Als wir um fünf Uhr Morgens in die eisige Januarnacht treten ist Ivo, der Chef der Türsteher, noch voller Adrenalin von der Schlägerei. „Weisst du, manchmal frage ich mich schon, wieso ich die Scheisse hier mitmache. Wieso ich mein Medizin Studium vor den letzten Prüfungen geschmissen habe. Dann aber kriege ich meinen Lohn ende Monats und bin zufrieden. Hier bist du halt nichts, wenn du keine Risiken eingehst. Der 29-jährige war einer der besten Maturanden im Land, engagiert und erfolgreich im Kampfsport, ein guter Student mit winzigem Stipendium. Er lebte in einer Garage, bezahlte 50 Euro Miete dafür, dass ihm jedes Mal beim Duschen die Elektrizität einen Schlag versetzte, wenn er den Hahn berührte. Ein kleines Zimmer, 11 Quadratmeter, mini-Küche inklusive. Im August fror man im modrigen Keller, zog die Jacke an, nur um sich draussen wieder aller Kleiderschichten zu entledigen. Als Arzt hätte Ivo wahrscheinlich für immer so gelebt, hätte er doch maximal 350 Euro im Monat verdient.
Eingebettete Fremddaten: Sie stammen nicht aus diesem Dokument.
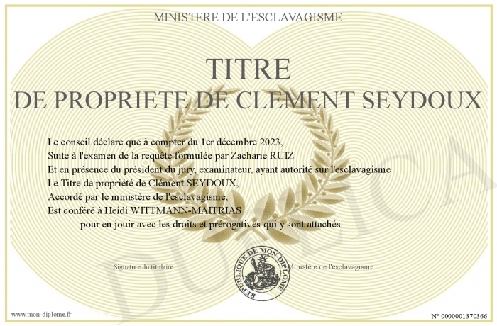 Envoyez par email votre Titre de propriété de Clément SEYDOUX personalisé

Während seiner Nebenjobs als Türsteher geriet er an Leute, die besser lebten. Ehemalige Gastarbeiter, Kriminelle, Geldeintreiber. Anfänglich sollte er sie nur beschützen, konnte sich aber vor dem schlechten Gewissen nicht retten. Kam er doch aus einer Familie, die ihn gelehrt hatte Rechtes zu tun. Sollte er nun auf der anderen Seite des Gesetzes stehen? Die Jobs finanzierten sein Studium. Andere Studenten seines Jahrgangs wurden von Drogenkartellen rekrutiert, um im Ausland ein paar Monate für ein paar Tausend  Münzen Drogengeschäfte zu tätigen. Dabei lebten sie von Monat zu Monat in anderen Familien, um nicht gefasst zu werden. Manche telefonieren mit ihren zehn Handys nur herum, andere tätigen hie und da Kurierdienste. Man habe ihn auch schon gefragt. Ins Gefängnis gehen, wolle er aber wirklich nicht.  Irgendwann bot man ihm an Türsteher eines bekannten Stripclubs zu werden. 800 Euro Monatslohn.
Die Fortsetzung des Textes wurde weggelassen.